Technology has removed all these obstacles. Madhu, another ANM under Donda PHC in Jhalawar, says, “It took us a while to get used to the device, but we soon learnt to handle it completely. We use the tablet, especially the videos, extensively. Women are attracted to the audio-visual messages and follow them intently. Videos on immunisation, gender discrimination, exclusive breastfeeding, etc, are a big hit with the women. I can see that most women who watch these videos make sure that they follow all the advice. Information in the tab is given in sequences, making it possible for us to identify high risk pregnancies at an early stage. This helps us prepare both the woman and her family, which helps cut down the risks.”
Dr Agarwal says the application covers the key components of care during pregnancy, care after birth for mother and newborn, care of young children and monitoring and tracking of the their growth. It helps in timely identification of deviation from normal progress during pregnancy as well as after the birth of the child.
“It also helps in better communication of messages which are auto-generated depending on the situation of the woman and child. It also helps in tracking of the growth of every child, which will lead to timely identification of undernourished children. The app generates the work plan and due list for ANMs so that no woman and child is left.
“Most often ANMs forget to provide services to the eligible couple using family planning methods. This application will automatically remind both to the user and ANMs regarding services to be provided for family planning to the eligible couples,” he adds.
The app has a feature for an automated SMS generated at the time of registration as well two days prior to next service due date. This will help in improving the coverage and continuity of coverage of key Maternal and Child Survival Interventions.
NRHM mission director in Rajasthan Naveen Jain is upbeat about the pilot in seven districts of each division of the state. “We will provide tablets to 4,042 ANMs and 2,504 ASHA Sahyoginis in these districts. The procurement process is underway. We shall be able to launch it fully by the end of October,” he says.
Rajasthan has already won accolades on national platforms for introducing online payments to ASHA through ASHA Soft. The web-based system has reduced the delay in payment to these health workers, which was demotivating them.
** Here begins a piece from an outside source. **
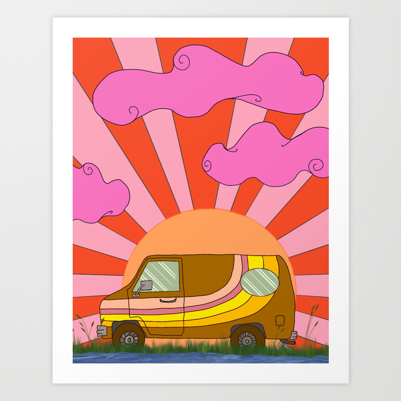 Van Life Hippie Art Print Hippie Van Wall Art Bohemian Boho
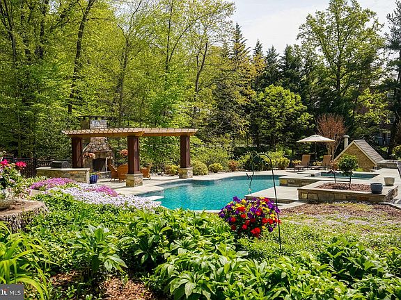 Fabulous NEW PRICE 4/23! Potomac Village: Pristine, fully updated custom home with more than 9,000 square feet of living space. Two-story marble foyer, generous library/study with custom bookshelves, family room with masonry fireplace, formal living and dining rooms, gourmet kitchen with custom cabinets, granite counters, and new stainless appliances including Wolf cooktop and double wall ovens. New spacious laundry and craft room that serves as a mud room. Second level owner~s suite has enormous custom walk-in closet, natural stone and granite master bath spa with copper soaking tub and separate shower, plus infrared sauna. Four additional spacious bedrooms and 2 fully upgraded bathrooms. Walkout lower level includes a large wet bar, temperature controlled custom wine cellar housing more than 1,000 bottles, Fitness Center, and 2 Bonus rooms each with upgraded full baths. Lower and Upper level flagstone patios, spectacular in-ground heated salt water pool and spa, pergola with stone fireplace and custom grilling center, pond and separate pool house; lighted Sports Court~ , and 4-car garage parking. New windows throughout and new HVAC system. Perfect for family and entertaining: no detail has been overlooked!

“We were feeding data at the PHCs in ASHA Soft, the obvious way forward for it was to do that remotely with a hand-held device. We will soon be the first state to have enabled our FHWs with technology,” Jain adds.
Dr Agarwal says that during a presentation in March this year, the Government of India was so impressed with the e-Jan Swasthya app that it decided to replicate it in two other states — Maharashtra and Himachal Pradesh. The announcement is likely later this year.
Rajasthan’s domain knowledge is surely going to lead the healthcare delivery the digital way.